Лохматый, как все здешние лайки, Майор тоже посмотрел на шумливую молодежь осуждающе. Он никогда не позволял себе лаять по пустякам, теперь спокойно лежал около ног хозяина, закованных в чулки из сохатиной шкуры, и с любопытством глядел на поплавок из сосновой коры, проткнутый гусиным пером, покачивающийся на воде.
— Как улов, дедусь? — Валик заглянул в ведерко с водой, там мелькнуло несколько сорожек. — Маловато, вижу.
— Была бы у меня лодка моторная, да с дуралевым корпусом. — Ипат огорченно шлепнул руками по своим твердым штанам из лосиных шкур. — Вон как у Гордея...

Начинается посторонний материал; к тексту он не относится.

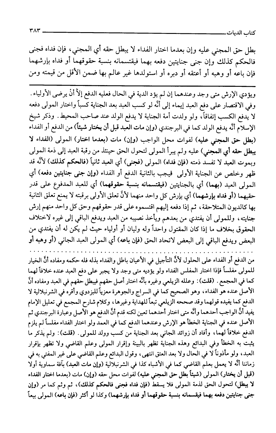 وإن مات بعدما اختار المولى الفداء لا يبطل حقه أي المجني عليه ولم يبرأ المولى لتحول الحق حينئذ من رقبة العبد إلى ذمة المولى وبموت العبد لا تفسد ذمته فإن فداه المولى فجنى أي العبد ثانيا فالحكم كذلك لأنه قد ظهر وخلص عن الجناية الأولى فيجب بالثانية الدفع أو الفداء وإن جنى جنايتين دفعه أي المولى العبد بهما أي بالجنايتين فيقتسمانه بنسبة حقوقهما أي للعبد المدفوع على قدر حقيهما أو فداه بأرشهما أي بأرش كل واحد منهما لأن تعلق الأولى برقبته لا يمنع تعلق الثانية بها كالديون المتلاحقة ثم إذا دفعه إليهم اقتسموه على قدر حقوقهم وحق كل واحد منهم أرش جنايته وللمولى أن يفتدي من بعدهم ويأخذ نصيبه من العبد ويدفع الباقي إلى غيره لاختلاف الحقوق بخلاف ما إذا كان المقتول واحدا وله وليان أو أولياء حيث لم يكن له أن يفتدي من البعض ويدفع الباقي إلى البعض لاتحاد الحق

По Ангаре с могучим гулом подвесного мотора неслась лодка. Из-под серебристого задранного носа откатывались два пенных уса. Поплавок залихорадило, и Майор оскалился на эту наглую лодку.
— Что, Майорчик, своих не узнал? — потрепала Устя седой загривок собаки.

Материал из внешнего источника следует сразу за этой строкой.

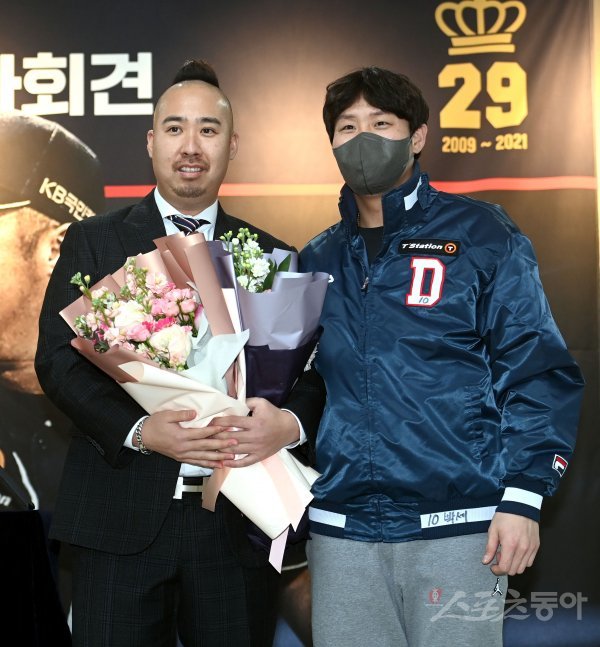 현역 은퇴 의사를 밝힌 두산 유희관이 20일 서울 잠실야구장에서 열린 은퇴 기가회견에서 박세혁에게 꽃다발을 받은 후 기념촬영을 하고 있다.

— Там вроде и чужой, — проговорил Ипат, щуря глаза от блеска воды. — Который на носу.
На носу «Казанки» стоял какой-то неизвестный молодой мужчина. На корме за мотором сидел старик в черной рубахе, смоляная его борода завихрялась к ушам от ветра. На всем ходу он завернул лодку к деревне, и пассажир чуть не вывалился в воду. Он предостерегающе вскинул руку. Гордей выключил мотор, и лодка замерла в прибрежной траве.
Ипат восхищенно крякнул:
— Ловок сосед! И гость бравый парень.
Мужчина в ковбойке выпрыгнул на берег и подтянул лодку. Гордей подал ему вещи — какой-то ящичек, обшитый брезентом, рюкзак и сложенную треногу и указал на свою избу. Сам, гремя цепью, пришвартовал лодку на замок, потом выволок из нее большую рыбину, поднял, держа обеими руками под жабры. Это был таймень килограммов на двадцать.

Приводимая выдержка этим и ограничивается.